Similarly, baroreceptors are stretch receptors located in the aortic sinus, carotid bodies, the venae cavae, and other locations, including pulmonary vessels and the right side of the heart itself. Rates of firing from the baroreceptors represent blood pressure, level of physical activity, and the relative distribution of blood. The cardiac centre monitor baroreceptor firing to maintain cardiac homeostasis, a mechanism called the baroreceptor reflex. With increased pressure and stretch, the rate of baroreceptor firing increases, and the cardiac centre decrease sympathetic stimulation and increase parasympathetic stimulation. As pressure and stretch decrease, the rate of baroreceptor firing decreases, and the cardiac centre increase sympathetic stimulation and decrease parasympathetic stimulation.

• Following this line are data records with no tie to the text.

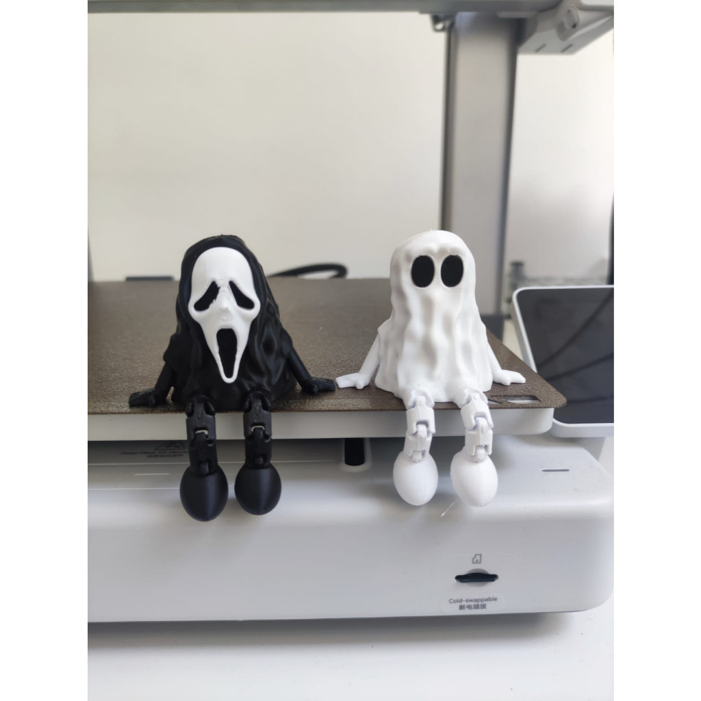 Fantasminha e Ghostface Articulados Encante-se com esses adoráveis bonecos articulados perfeito para enfeitar seu: SETUP GAMER DECORAÇÃO GEEK MESA PRATELEIRA ONDE PREFERIR DEIXA-LO DECORANDO O AMBIENTE ! Características: – Impresso em 3D com excelente acabamento – Olhos contrastantes que dão expressão à peça – Compacto e versátil para qualquer espaço Indicado para: – Fãs de decoração temática e minimalista – Quem busca um toque divertido para sua mesa ou estante – Presentes criativos e lembrancinhas únicas
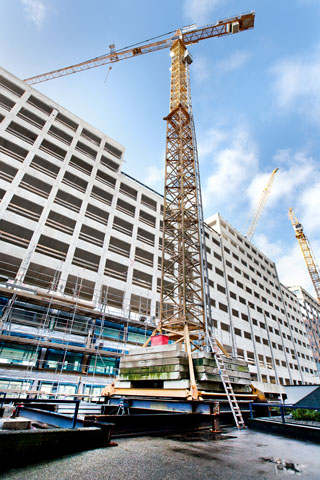 Ook voor de plaatsing van de twee bouwkranen wordt de bestaande draagkracht maximaal aangesproken. Aan de krappe voorzijde was te weinig ruimte voor de kranen. Plaatsing op het dak was technisch mogelijk, alleen zouden er dan stempeltorens in het gebouw komen. Die konden niet worden gecombineerd met de werkzaamheden binnen. Daarom is ervoor gekozen om ze op de bestaande meerlaagse parkeergarage te plaatsen, aan de achterkant.
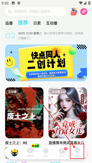 1、在推荐页点底部【我的】按钮能进入个人中心,后续可找到投稿签约等创作相关功能啦。
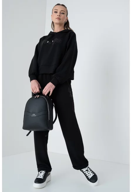 Характеристики Цвят: черен Стил: елегантен Материал: полиестер - памук - еластан Принт: без принт Кройка: конусовидна Дължина: дълъг Талия: висока Закопчаване: без закопчаване Състав Външна част: 67% памук - 31% полиестер - 2% еластан

There is a similar reflex, called the atrial reflex or Bainbridge reflex, associated with varying rates of blood flow to the atria. Increased venous return stretches the walls of the atria where specialised baroreceptors are located. However, as the atrial baroreceptors increase their rate of firing and as they stretch due to the increased blood pressure, the cardiac centre responds by increasing sympathetic stimulation and inhibiting parasympathetic stimulation to increase HR. The opposite is also true.
Increased metabolic by-products associated with increased activity, such as carbon dioxide, hydrogen ions, and lactic acid, plus falling oxygen levels, are detected by a suite of chemoreceptors innervated by the glossopharyngeal and vagus nerves. These chemoreceptors provide feedback to the cardiovascular centre about the need for increased or decreased blood flow, based on the relative levels of these substances.
The limbic system can also significantly impact HR related to emotional state. During periods of stress, it is not unusual to identify higher than normal HRs, often accompanied by a surge in the stress hormone cortisol.
Extreme stress from such life events as the death of or separation from a loved one or companion pet may lead to a condition commonly referred to as broken heart syndrome.
Case study
A young Eastern Grey Kangaroo was brought to a rural clinic after being chased and restrained during a rescue operation. Initially alert, the kangaroo soon developed muscle stiffness, rapid breathing, and collapsed.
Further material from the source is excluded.